Phase Ib/II Study of Chiauranib in Patients With Small Cell Lung Cancer

Male or female, age ≥ 18 years and ≤75 years;

Cytologically or histologically confirmed small cell lung cancer;

Patients have received at least 2 different systemic chemotherapy regimens (contained platinum based regimen) , and progressed or relapsed

At least one measurable lesion that can be accurately assessed ( RECIST1.1 criteria). If the only site of measurable disease is in a previously irradiated area, the patient must have documented progression of disease in this area.

Eastern Cooperative Oncology Group (ECOG) Performance Status of 0 or 1.

Laboratory criteria are as follows:

Complete blood count: hemoglobin (Hb) ≥80g/L ; absolute neutrophil count (ANC) ≥1.5×109/L ; platelets >=75×109/L Biochemistry test: total bilirubin≦1.5×ULN; alanine aminotransferase(ALT) ,aspartate aminotransferase(AST)≦2.5×ULN(ALT,AST≦5×ULN if liver involved); serum creatinine(cr)≦1.5×ULN; Coagulation test: International Normalized Ratio (INR) < 1.5.

Life expectancy of at least 12 weeks.

All patients must have given signed, informed consent prior to registration on study.

Patients receiving any anti-cancer therapy (including chemotherapy, target therapy, immunotherapy, radiotherapy, and anti-cancer Chinese traditional medicine, et al) within 4 weeks from the last dose prior to study entry; Subjects receiving any supportive treatment for haematology (including transfusion, blood products, or drugs that stimulate blood cells growth like G-CSF, et al) within 2 weeks from the last dose prior to study entry;

Patients with second primary cancer, except: adequately treated basal cell or squamous cell skin cancer, curatively treated in-situ cancer of the cervix, unless received curative treatment and with documented evidence of no recurrence during the past five years;

Patients with uncontrolled or significant cardiovascular disease, including:

A) Grade II or higher Congestive heart failure, unstable angina pectoris, myocardial infarction (NYHA Classification) within 6 months prior to study entry; or arrhythmia requiring treatment, or Left Ventricular Ejection Fraction (LVEF) < 50% during screening stage.

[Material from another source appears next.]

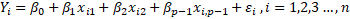 Este tipo de modelo parte de un modelo de regresión lineal, el cual es una función lineal que intenta modelar una respuesta “y” a través de una combinación lineal de predictores o covariables “x”. Si se tienen p-1 covariables el modelo de regresión lineal múltiple se puede expresar como (1):

B) Primary cardiomyopathy (dilated cardiomyopathy, hypertrophic cardiomyocyte, arrhythmogenic right ventricular cardiomyopathy, restrictive cardiomyopathy, et,al).

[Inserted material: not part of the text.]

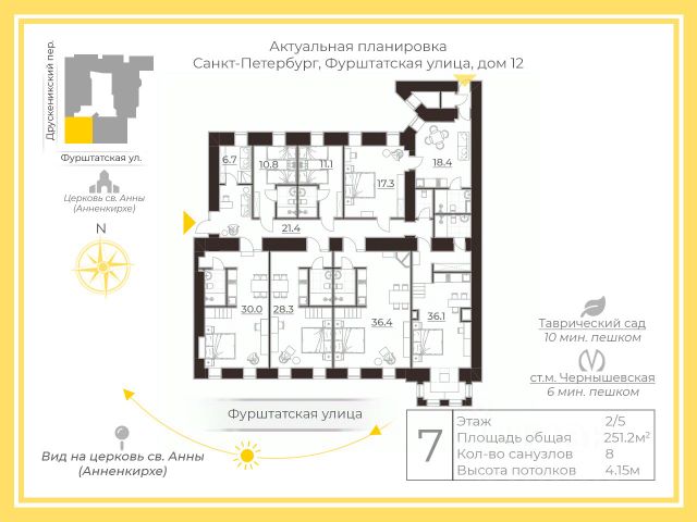Окна квартиры обращены на восток, что обеспечивает большое количество естественного освещения, при этом исключая солнцепёк.

C) History of significant QT interval prolongation, or Corrected QT Interval QTc≥450ms(male),QTc≥470ms（female）at screening.

D) Symptomatic coronary heart disease requiring treatment. E) Uncontrolled hypertension (> 140/90 mmHg) with single medication.

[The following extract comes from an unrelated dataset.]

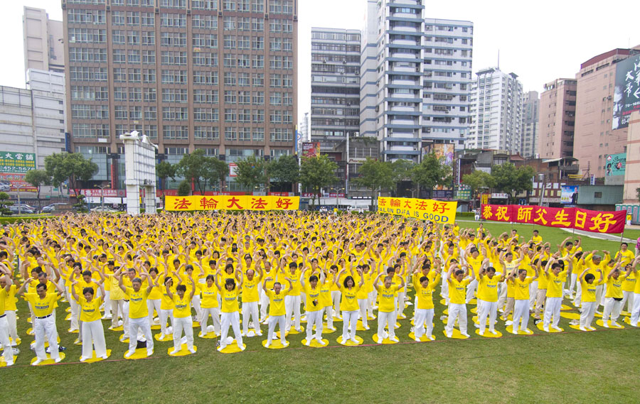 ![]() 二零一零年五月八日,近千名台湾桃竹苗的法轮功学员聚集在桃园中坜市的中正公园庆祝世界法轮大法日 |

History of active bleeding within 6 months prior to screening; or patients receiving anticoagulation therapy; or patients with upper GI bleeding potential; or patients with active hemoptysis.

Patients with uncontrolled pleural effusion, pericardial effusion or ascites.

Patients with untreated central nervous system (CNS) metastasis; or requiring corticosteroids, anticonvulsants for CNS diseases treatment; or with evidence of progression or haemorrhage within 1 month prior to study entry; or clinical evidence of brain stem or leptomeninx involvement.

History of deep vein thrombosis or pulmonary embolism.

History of interstitial lung disease(ILD).

With the exception of alopecia, any ongoing toxicities (>CTCAE grade 1) caused by previous cancer therapy.

Patients with factors that could affect oral medication (such as dysphagia，chronic diarrhea, intestinal obstruction etc), or undergone gastrectomy. .

6 weeks or less from the last major surgery that involved general anaesthesia, or 2 weeks or less from the last minor surgery prior to screening (excluding placement of vascular access ) .

Proteinuria positive(≥1g/24h).

Patients with active or unable to control infections including human immunodeficiency virus (HIV), hepatitis B, or hepatitis C, or other serious infectious diseases.

Any mental or cognitive disorder, that would impair the ability to understand the informed consent document, or the compliance of study;

Any previous treatment with aurora kinase inhibitors, or VEGF/VEGFR inhibitors.

Candidates with drug and alcohol abuse.

Women of childbearing potential not willing to use and utilize an adequate method of contraception (such as intrauterine device, contraceptive and condom) throughout treatment and for at least 12 weeks after the last dose; pregnant or breastfeeding women; the result of urine pregnancy test was positive at screening; Man participants not willing to use and utilize an adequate method of contraception throughout treatment.

Any other condition which is inappropriate for the study according to investigators' judgment.